Step 2: Migrating data over to the development project

We can use the command gds-migrate from ica-ica-lazy to copy the data over to the development project.
Because we need to be in two-contexts at once here, gds-migrate will handle our tokens this time (we don't need to be in any particular context to launch this command).

🚧

The command below will copy all fastqs in this directory over to the development project. Currently looking into regex support so that only certain files are copied over.

gds-migrate \
  --src-project production \
  --src-path gds://production/primary_data/211104_A00130_0181_AHWC25DSX2/WGS_TsqNano/ \
  --dest-project development \
  --dest-path gds://development/debugging/211104_A00130_0181_AHWC25DSX2/WGS_TsqNano/input-fastqs/

You will see a task id (starting with trn.). You can use the command below to determine if your task has completed.

ica tasks runs get trn.... --output-format=json | \
jq --raw-output '.status'

Step 3: Replicating the workflow

We can use the create-workflow-submission-template subcommand to mimic the inputs to the workflow run we found in step 1.

cwl-ica create-workflow-submission-template \
  --workflow-path workflows/dragen-somatic-pipeline/3.9.3/dragen-somatic-pipeline__3.9.3.cwl \
  --prefix debug-sample-SBJ01051 \
  --project development_workflows \
  --launch-project development \
  --ica-workflow-run-instance-id wfr.1a4523f298d746249187ff1b5ace7b8f \
  --ignore-workflow-id-mismatch

This will create the output files:

  • debug-sample-SBJ01051.template.yaml
  • debug-sample-SBJ01051.launch.sh

Phoa, quite a lot to unpack there, let's break down the parameters a little:

  • workflow-path: Path to the cwl workflow used in original run
  • prefix: The prefix for the output files, also used as the name of the workflow run.
  • project: The project that the workflow we wish to launch is registered in
  • launch-project: The linked-project to the 'project' parameter that we wish to launch the workflow from.
  • ica-workflow-run-instance-id: The workflow run id that has the parameters we wish to copy
  • ignore-workflow-id-mismatch: Ignore differences between workflow id in 'ica-workflow-run-instance-id' parameter and workflow id in 'project'.
    • Needed for when the project we launched from is different to the project the template run instance is from (in this case production_workflows).
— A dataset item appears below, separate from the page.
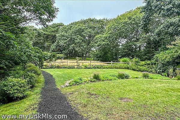 This distinguished Edgartown Great Pond compound presents an exceptional collection of features and amenities. Situated within a highly desirable, secluded enclave on Turkeyland Cove, the 4.8-acre property includes two residences, a bespoke private in-ground swimming pool, approximately 400 feet of waterfront, outstanding water views, and a private beach lot on the Atlantic Ocean. The principal dwelling offers four bedrooms, exquisite craftsmanship throughout, and a unique setting right along the water. The secondary residence was constructed in 2010 and spans 2,556 square feet, featuring two bedrooms, a three-car attached garage, and a full basement. The buildings are harmoniously integrated with meticulously designed plantings, landscape, and custom-built fencing and gates. The pool area provides a secluded oasis, with an L-shaped gunite swimming pool nicely complemented by two adjacent outbuildings. Expansive lawns gently slope towards the waterfront, and boat access to the Atlantic beach is readily available from the property shoreline. Held by the same owner for over three decades, this property represents an unparalleled opportunity.

Step 4: Updating our inputs

I would highly recommend using an IDE for this section

Let's go through and find-and-replace our gds-path inputs in debug-sample-SBJ01051.template.yaml:

  • Replace gds://production/primary_data/211104_A00130_0181_AHWC25DSX2/WGS_TsqNano/
  • With gds://development/debugging/211104_A00130_0181_AHWC25DSX2/WGS_TsqNano/input-fastqs/

Replace our reference tar ball:

  • Replace: gds://production/reference-data/dragen_hash_tables/v8/hg38/altaware-cnv-anchored/hg38-v8-altaware-cnv-anchored.tar.gz
  • With gds://development/reference-data/dragen_hash_tables/v8/hg38/altaware-cnv-anchored/hg38-v8-altaware-cnv-anchored.tar.gz

Tinker with any additional parameters (you may need to 'uncomment' some lines to do this).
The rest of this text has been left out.